Unauthorized USB HID Device Connections

Monitor endpoints for the connection of new or unexpected USB Human Interface Devices (HID), such as keyboards or mice, that were not previously associated with the system.

Hardware-based remote access devices, including IP-KVM platforms, commonly emulate standard USB HID peripherals in order to inject keyboard and mouse input into a host system. When connected, the operating system enumerates these devices as generic keyboards or mice and loads standard HID drivers, allowing input to be delivered without specialized software.

The appearance of additional or previously unseen HID devices (particularly on systems where peripherals rarely change) may indicate the installation of hardware capable of injecting input or maintaining covert remote interaction with the endpoint.

Detection Methods

• Collect USB device connection telemetry from endpoint detection and response (EDR) platforms, operating system logs, or device monitoring tools.
• Alert on the connection of new HID-class devices, particularly generic USB keyboards or mice that were not previously associated with the endpoint.
• Investigate situations where multiple keyboard or mouse devices are enumerated simultaneously on a workstation.
• Review HID device connections occurring outside normal working hours or during periods when no authorized individual is expected to interact with the system.
• Record and analyze device metadata including vendor ID (VID), product ID (PID), device class identifiers, and descriptor strings to identify previously unseen peripherals.
• Compare newly detected HID devices against approved peripheral inventories or known hardware baselines where such inventories exist.

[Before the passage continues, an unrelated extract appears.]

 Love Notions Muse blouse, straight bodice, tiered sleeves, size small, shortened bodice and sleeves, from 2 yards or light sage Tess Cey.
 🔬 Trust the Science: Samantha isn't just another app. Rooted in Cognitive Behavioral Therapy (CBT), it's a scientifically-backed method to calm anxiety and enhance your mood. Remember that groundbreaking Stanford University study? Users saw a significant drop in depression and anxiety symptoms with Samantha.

Prioritize investigation on systems where peripheral configurations are expected to remain static, such as corporate laptops, developer workstations, or systems operating in controlled environments.

Investigative Notes

Hardware-based remote access devices frequently identify themselves as generic HID peripherals, making them difficult to distinguish from legitimate input devices through simple enumeration alone.

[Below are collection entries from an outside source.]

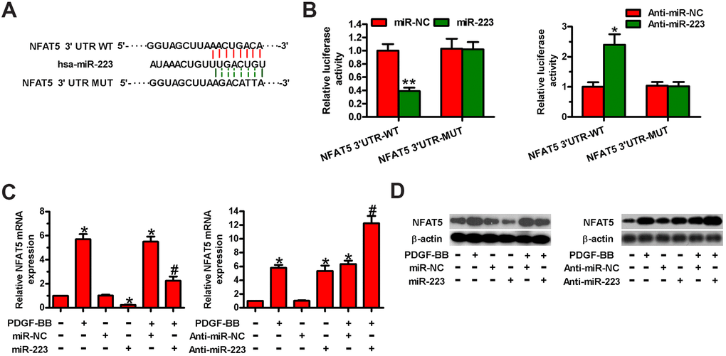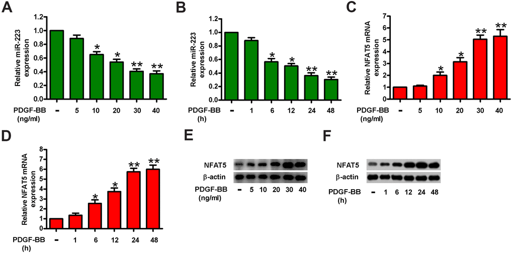 MiR-223 and NFAT5 are differentially expressed in PDGF-BB-stimulated HASMCs
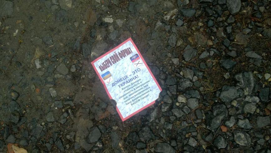 Как сообщает Сайт города Донецка, фотографию листовки нашел на улице Летчиков в Петровском районе местный житель.
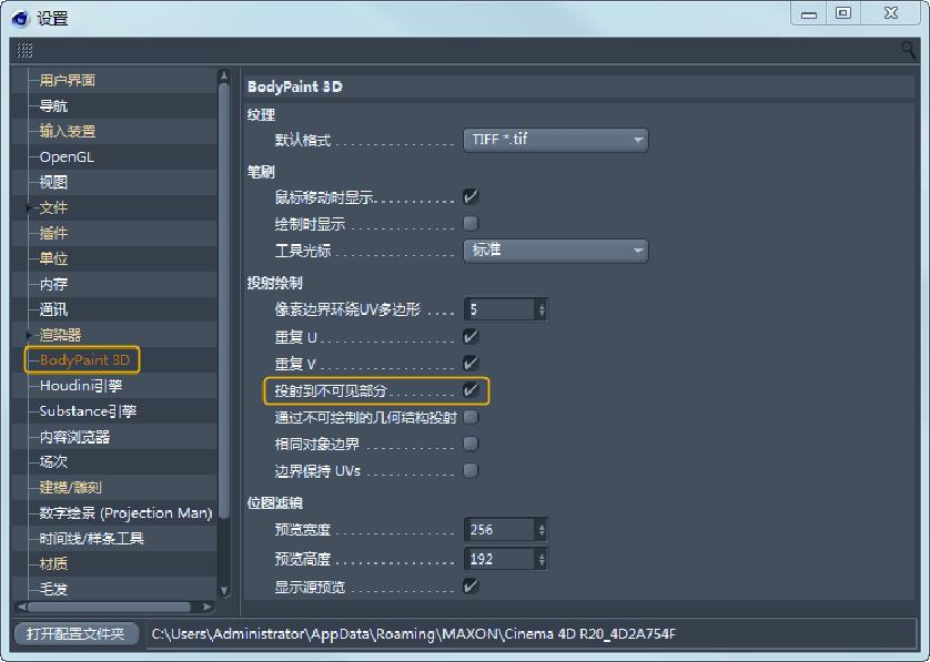 07 执行“编辑”|“设置”命令,打开“设置”对话框。在BodyPaint 3D设置页面中选中“投射到不可见部分”复选框,如图3-191所示。这样在绘制直线时前面与背面将同时存在直线。
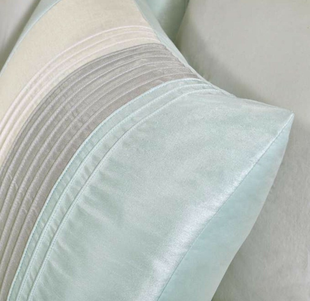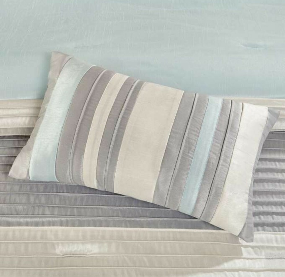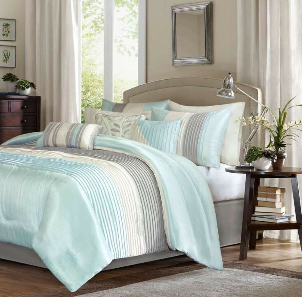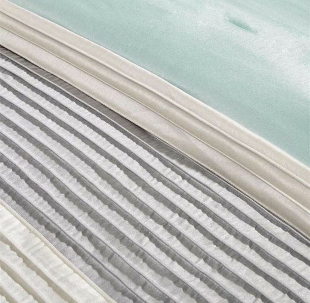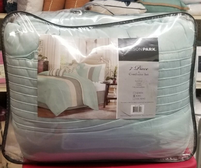 Madison Park King 7 Piece Comforter Set In Aqua. Condition is "New". Size: King 1 Comforter: 104x92" 2 king shams: 20x36"(2) 1 Bed skirt: 78x80+15" 3 Decorative pillows: 18x18/16x16"/12x20" Color: Aqua Transitional Style 7 Piece Comforter Set In Pintucking And Embroidery Details Pieced Faux Silk Face Fabric In Complimentary Colors With Pintucking Set Includes Comforter, Bedskirt, 2 Shams, 2 Square And 1 Oblong PillowsEmbroidery And Pintucking Details On The Decorative Pillows Hypoallergenic Polyester Filling In The Comforter And Pillows Machine Washable For Easy Care Amherst's modern color blocked design is a simple way to add style to your room. This comforter is covered in larges stripes in shades of aqua and grey. Made from polyester jacquard and a brushed fabric reverse this comforter is soft to the touch and is machine washable for easy care. The comforter set includes two matching standard shams and three decorative pillows that accent the color blocked look.
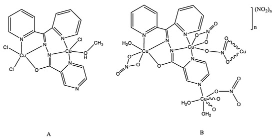 Structure of the copper(II) complexes derived from aroylhydrazone N’-(di(pyridin-2-yl)methylene)pyrazine-2-carbohydrazide; (A) Complex [Cu2(μ-1κN3,2κN2O-L)(Cl)3(MeOH)] (B) 1D polymer [Cu3(μ3-1κN3,2κN2O,3κNL)(μ-NO3)(NO3)3(H2O)3]n·nNO3. Adapted from [29].
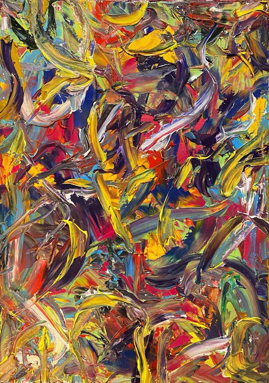 “ Le parole che esprimono al meglio il mio stile sono spontaneo, emotivo ed astratto. Il quadro non attrae per il soggetto che rappresenta ma per l’immagine in se stessa, dalla gestualita’ e il modo in cui il colore viene dato e per la vivace composizione di forme e colori. In questo modo si vivono i sentimenti che provo mentre dipingo , il colore e’ il mezzo per esercitare un emozione nello spettatore ed ognuno puo’ trovare il proprio significato guardando la tela"

Investigators should review the timing and context of device connection events, including whether the subject was physically present at the system when the device was attached. Correlating HID connection timestamps with physical access logs, workstation location, or building entry records may help determine whether the device connection was authorized.

Unexpected HID device connections on sensitive or high-value systems may indicate the presence of hardware designed to inject commands or enable covert remote interaction with the endpoint.